Considering the headphones are roughly available for a street price of $100, it’s hard to ignore the overall value the product brings to consumer, prosumer and professional audio-listening sessions. 

Sonically, I found the KRKs provide a nice level of bass that is fast and tight. The headphones aren’t like listening to a mass-market set of consumer products that are EQ’ed for heavy bass—the 6402s are nicely balanced from the bottom end into the midrange region. 

The midrange is also warm and smooth. I do think—and this relates to the perception of the headphones’ bottom end—the 6402s have a bit of an emphasis around 100Hz and this emphasis supports the cohesion between the upper bass and lower midrange reproduction of the headphones. 

KRK voiced the top end with full extension, but that top end is somewhat relaxed in its presentation. 

Moving on from the headphones use with consumer devices, to a tool for recording, I thought the 6402s supported activities such as tracking really well. Recording in my “music room” I set up my Focusrite interface, along with my travel pedal board and my Taylor 314 guitar to record a solo acoustic instrumental piece I titled “A Sunday Morning Strum”.

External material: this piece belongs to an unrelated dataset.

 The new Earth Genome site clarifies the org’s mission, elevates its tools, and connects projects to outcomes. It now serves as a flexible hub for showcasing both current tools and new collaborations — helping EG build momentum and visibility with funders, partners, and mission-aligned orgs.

Using the KRK 6402 headphones to monitor my recording, I wanted to record a simple live take of a song idea that involved using the modulation of my MXR Micro Flanger pedal on the Taylor with just a touch of delay and reverb from my Earthquaker Devices Dispatch Master v2 pedal, and my Xotic SP Compressor pedal. 

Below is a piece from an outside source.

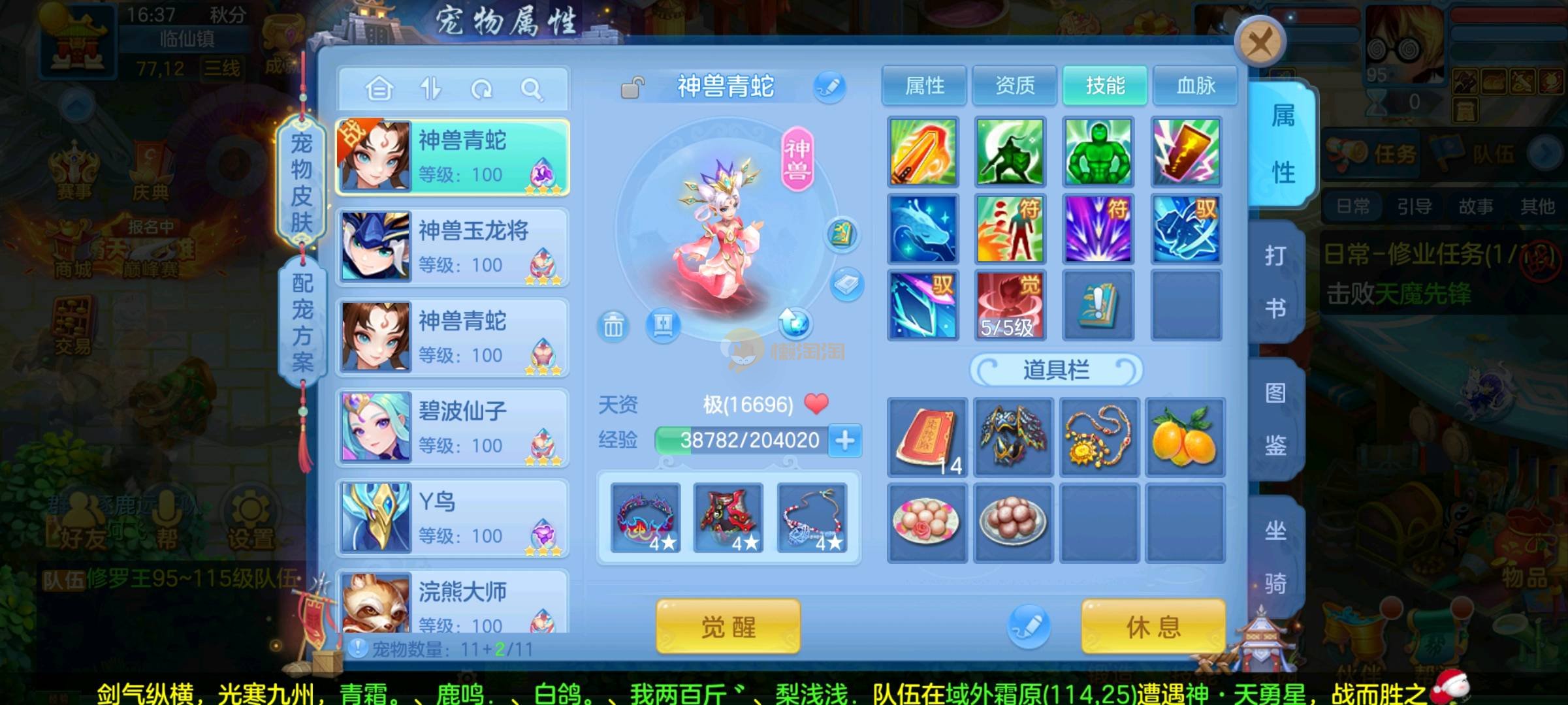 低价出109万兽带进阶神兽蛇2个高级染色坐骑

Tracking live, my first pass I used the above-mentioned effects and played the song idea. Adding a second track I then went into GarageBand and set up a track with a touch of reverb from the software and played live to the first track I had recorded. 

Using the headphones to mix the two tracks I balanced the levels of each track, and I added a touch of EQ to the second track. After listening back to the track and feeling satisfied with what I had recorded I uploaded the recording to SoundCloud (the track is available to listen to if you click the link).

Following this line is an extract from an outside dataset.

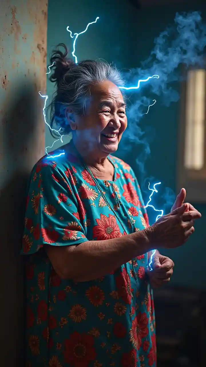 Une vieille dame vive de 70 ans vêtue d'une jupe vive et d'une cage en gazelle a heurté l'interrupteur électrique sur le mur de sa maison et est tombée dans un accident humoristique. Elle a été intriguée par une électrocution qui lui a fait monter les cheveux follement sur la tête et une colonne de fumée ludique s'est élevée de sa tête. Son visage montrait un air noirci de suie, comme s'il était ludiquement saupoudré de charbon de bois, mais elle a ri et a levé le pouce à la caméra. De brillants arcs bleus dansent autour de son corps dans la fumée rotative, le tout capté dans une photographie accrocheuse de haute qualité en 8K avec des effets de lumière dynamiques. Dans ce moment inattendu, son charme spirituel et son humour brillent.

The long length of the headphones cable allowed me to move freely to grab the guitar from the stand, turn and face my computer and the interface and to play without any restrictions. The sound quality of the headphones also allowed me to record and feel confident that I would be able to achieve what I was hoping for without feeling held back by my equipment. 

I think regardless of whether someone is using the headphones for consumer listening applications or recording in a professional or home studio, the 6402s will serve users well. 

Considering the headphones are roughly available for a street price of $99, it’s hard to ignore the overall value the product brings to consumer, prosumer and professional audio-listening sessions. 


CE Pro Verdict:

Pros 

  • Detachable cable and 1/4-inch and 1/8-inch connections provides lots of flexibility
  • Smooth sound with nice, natural levels of bass
  • The 6402s can be worn for long periods of time without becoming uncomfortable 

Cons 

  • The cable is long, which is great for recording to maneuver around guitars, computers, interfaces, mic stands, etc., but the cable does have a tendency to tangle a bit.
  • If someone is looking for a multipurpose music, streaming media and recording headphone the 6402s are fairly big so they may not be as travel friendly as a pair of ear buds.